Frankfurt – Ob beim Sport im Freien, beim Spaziergang im Park, beim Kaffeetrinken auf der sonnigen Terrasse des Lieblings-Cafés oder beim klassischen Sonnenbad: Wer sich an heißen Sommertagen zu lange ohne Sonnenschutz im Freien aufhält, geht ein häufig unterschätztes Risiko ein. Davor warnen Dermatolog:innen genau wie Krankenkassen und raten vor allem, mit großzügig dosierter Sonnenmilch für ausreichenden Schutz vor Sonnenbrand zu sorgen und die tagesaktuelle UV-Belastung im Blick zu behalten.

Denn Sonnenbrand, so betont der Dermatologe Dr. Christian Merkel in einem aktuellen Interview mit dem Magazin der Süddeutschen Zeitung, erhöhe in jedem einzelnen Fall das Hautkrebskrisiko. Die häufig harmlos scheinende Rötung der betroffenen Hautstellen, die durch die UV-Strahlung der Sonne entstehe, sei in Wahrheit eine „echte Verbrennung ersten oder zweiten Grades der Haut, wie bei einer Brandverletzung“, erklärt Merkel in dem Gespräch und warnt, dass die durch den Körper entwickelte Entzündungsreaktion langfristig dafür sorgt, dass DNS-Schäden im Körper entstehen.

Von wegen unbeschwertes Sonnenbad: Auch in diesem Sommer warnen Dermatolog:innen vor den drastischen Folgen eines jeden Sonnenbrands. (Symbolfoto)
Von wegen unbeschwertes Sonnenbad: Auch in diesem Sommer warnen Dermatolog:innen vor den drastischen Folgen eines jeden Sonnenbrands. (Symbolfoto) © John Marshall Mantel/Imago

Mehr Hautkrebs-Fälle in Deutschland erkannt: Jeder Sonnenbrand erhöht das Risiko

Dass Hautkrebs in Deutschland immer mehr zum Thema wird, zeigt sich etwa in den Statistiken, in denen Krankenversicherungen über die Gefahren von übermäßigem Sonnengenuss informieren. Eine aktuelle Veröffentlichung im Online-Gesundheitsmagazin der Krankenkasse AOK spricht von etwa 230.000 neu auftretenden Hautkrebsfällen jährlich in Deutschland, etwa ein Zehntel der Patient:innen erkranken am gefährlichen schwarzen Hautkrebs, dem sogenannten Melanom.

Während die AOK im Jahr 2006 noch 16,9 von 100.000 Versicherten registrierte, die mit Melanomen stationär behandelt werden mussten, waren es 2019 bereits 20,1 von 100.000, was einen Anstieg um 36 Prozent ausmache. Auch die Krankschreibungen aufgrund von Hautkrebsdiagnosen hätten sich laut einer AOK-Statistik zwischen 2003 und 2019 mehr als verdoppelt.

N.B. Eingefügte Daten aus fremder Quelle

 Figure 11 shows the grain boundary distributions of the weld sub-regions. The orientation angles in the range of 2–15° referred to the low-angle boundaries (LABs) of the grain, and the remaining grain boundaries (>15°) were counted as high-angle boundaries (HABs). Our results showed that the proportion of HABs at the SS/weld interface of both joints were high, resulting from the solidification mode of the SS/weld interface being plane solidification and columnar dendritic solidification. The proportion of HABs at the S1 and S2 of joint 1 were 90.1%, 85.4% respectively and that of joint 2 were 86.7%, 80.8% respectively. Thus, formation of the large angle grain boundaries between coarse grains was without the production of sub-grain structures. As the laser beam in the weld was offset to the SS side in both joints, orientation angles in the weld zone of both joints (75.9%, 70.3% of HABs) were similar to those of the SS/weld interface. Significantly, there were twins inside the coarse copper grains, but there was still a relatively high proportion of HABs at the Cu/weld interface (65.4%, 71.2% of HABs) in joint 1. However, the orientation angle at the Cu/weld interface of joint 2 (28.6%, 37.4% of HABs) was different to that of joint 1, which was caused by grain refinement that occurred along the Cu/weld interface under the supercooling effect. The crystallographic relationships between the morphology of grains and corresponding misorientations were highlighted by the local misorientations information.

Hautkrebs-Fälle pro Jahretwa 230.000
davon schwarzer Hautkrebs22.900 im Jahr 2017
Quelle: AOK

Gefährliche UV-Strahlen: Erhöhte Sonnenbrand-Gefahr in den Bergen und am Meer

Um sich vor einem überhöhten Hautkrebsrisiko wegen zu viel Sonne zu schützen, reicht oft, sich an einige wichtige Regeln zu halten, raten Dermatolog:innen und führen dazu vor allem Sonnenschutzprodukte an. So sollten sich helle Hauttypen bereits bei über zehn Minuten direktem Sonnenkontakt mit Sonnenmilch eincremen, bei dunkleren Typen genüge es auch über einen Zeitraum von 30 Minuten, sagt etwa Dermatologe Merkel im Süddeutsche-Interview. Besonders gefährlich werde es etwa bei Sonnenkontakt am Meer oder in den Bergen, weil hier die UV-Belastung deutlich höher ist.

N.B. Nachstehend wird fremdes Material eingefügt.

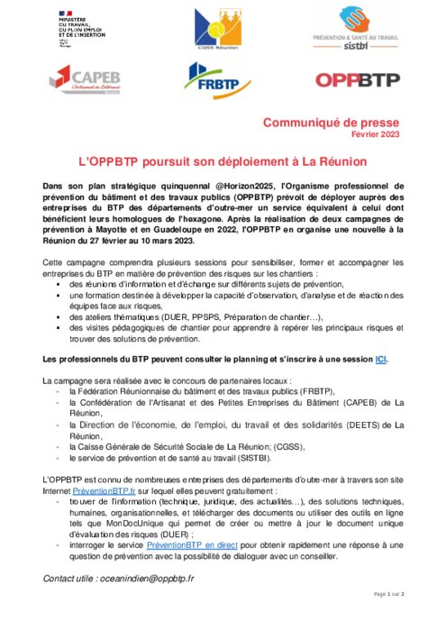 prévention à Mayotte et en Guadeloupe en 2022, l’OPPBTP en organise une nouvelle à la

Auch wer viel in sonnigen Städten mit häufig höherem UV-Faktor unterwegs ist, dem rät Merkel zur Vorsicht: „Feinstaub setzt sich auf unserer Haut ab und macht sie empfindlicher gegenüber der Sonnenstrahlung, weil die eigene Schutzbarriere gestört wird.“ Das sei eine Gefahr, die viele unterschätzen.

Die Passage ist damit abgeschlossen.